The girls would have stayed all day and all night if we had let them. It took time to convince them that it was time to go home. They said a million good-byes to each other. They were each given 8 packets of porridge and another mask to add to their gifts of sanitary wear and self- painted t-shirts. ‘I look like I’m coming from work and taking goodies for the family!’ One girl shouted with pride as she modelled down the driveway. ‘Expensive shopping at that!’ Said another.

There was no doubt the day had been made for these girls. We are so grateful for donations of masks, chicken, rice, porridge and funds that enabled us to make the day a success! We are grateful for mentors who give their time week in and week out to sow into these precious girls. We are grateful for our amazing interns who just get going with stuff when it is needed. We are grateful for staff and we are grateful for those who lead us all so well!

Until the next lunch….

The main purpose of our Girl Child lunches is to bring the mentees from different schools together, give them a treat and celebrate what has been learnt and achieved during the course of the term. Asked what the heart behind the Girl Child lunches was, the author of the programme Mrs Laura Albertyn says:

“The Girl Mentorship Lunches are an opportunity for all the groups of girls from different schools to come together and celebrate what they are learning.  Time to mix with different girls, facing similar challenges on a smililar journey.  It is also a wonderful opportunity for the Mentors to lead together and mix with each other.

I love the teaching sessions that we dedicate to this time – it is always a broad topic that roughly touches on what they have been learning through the term but from a slightly different perspective.  We also have time for them to be creative, share a beautiful meal together and have a skill taught.  It is a coming together, a celebration of young ladies!  It is an opportunity for us to continue to shout out their worth and say – this is all for you – you are highly valued!

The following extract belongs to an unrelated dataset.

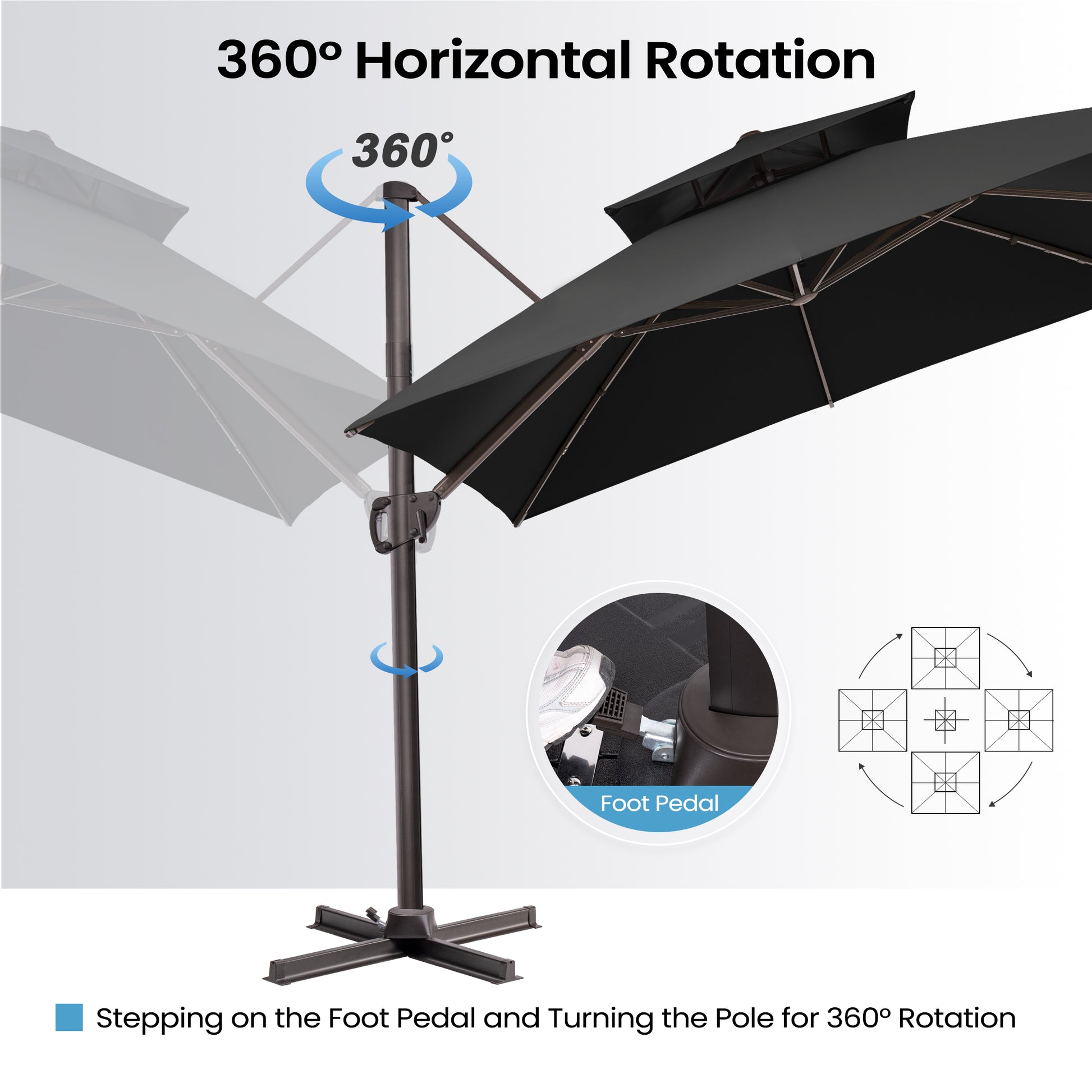 Flexible Tilt & Rotation Design: Customize your shade effortlessly with the 6-position tilt handle, or use the convenient foot pedal to rotate the umbrella a full 360°—providing complete coverage and comfort from morning to evening.

An area that always touches my heart is how the girls always want to take something from the meal home to share with their family – wanting their families to have a small taste of the wonderful time they have had together!  As the year goes on the lunches become more relaxed and interactive!  They are beautiful confirmations of what we are building in these girls, slowly each week.  We get to see these flowers come slowly into bloom.”

By Mercy Mutandwa

Mercy Mutandwa is the Operations Manager for Makomborero Zimbabwe.